The taser functioned like a normal one but was as compact as his service revolver, a definite improvement over the models that he was used to. Its purpose was to disable the target until the drugs kicked in or they could slap on one of the special pair of handcuffs they each carried. The cuffs functioned like the bracelets. They somehow blocked the nanobots from working and effectively stripped a freak of their power. It had something to do with a rapidly changing electric field. He didn’t understand all the physics, but he didn’t need to. It was enough that they worked.
They drove around for the next two hours, occasionally stopping to check in on one of Ditz’s contacts – a few doctors and shrinks, some bartenders, and even a tv reporter that Sam recognized. During a brief stop by Sam’s old precinct headquarters, Sam elected to stay hidden in the car. There were too many questions that he couldn’t answer, too many old comrades that he didn’t want to look in the eye yet.
When all their searching yielded no results, Ditz drove them out to the university. He parked in a loading zone near the administration building, but instead of going inside, Ditz led Sam toward the dorms. “There’s a kid named Randy here who runs with one of those paranormal research gangs that go around waving EMF meters and claiming it’s your dead grandma. It’s a longshot, but he came through for me once before.” He found the room he was looking for and knocked. The door swung open a few seconds later to reveal a tall, thin man about twenty-years-old and sporting a raggedy beard.
“Hey, secret agent man. It’s about time you showed. I got a class in ten.”
“Obviously not an English class,” said Ditz. “You texted that you had something for me?”
“Yeah, a week ago. Who’s the new guy?”
“Just show us what you got.”
“Whatever.” Randy took a tablet from his desk and brought up a video file. “We were at this old dude’s place when a frying pan flew off the stove and smacked Zoey in the skull. Knocked her out for a minute too.”
“We’ve seen this,” said Ditz. “It was on the Net.”
“What you didn’t see was the guy who did it. I synced up the timecodes. Just watch.” Randy spun the tablet back around and opened a second video. It was a split screen with the former scene on the right and a man lying in bed on the left. The video played as before, but this time right before the pan went flying it showed the man rolling onto his back and swiping at the air with his arm. Moments later, the man climbed out of bed and rushed out of the camera’s frame only to appear in the kitchen. Randy stopped the video there. “That oughta be worth at least five hundred.”

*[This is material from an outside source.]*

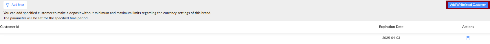 - Click Add Whitelisted Customer to add a new customer.

“For that?” said Ditz. “That’s not worth one.”
Randy pulled a flash drive out of his pocket and held it up. “I’ve got his name, address, and telephone number. That and a two minute interview, and an hour of video that shows the layout of his entire apartment. Four hundred.”
“I’ll go as high as two.”
“I’m practically doing your job for you,” said Randy. “Three hundred is my minimum.”
“Two-fifty or nothing,” said Ditz.
“Deal!”
To be continued…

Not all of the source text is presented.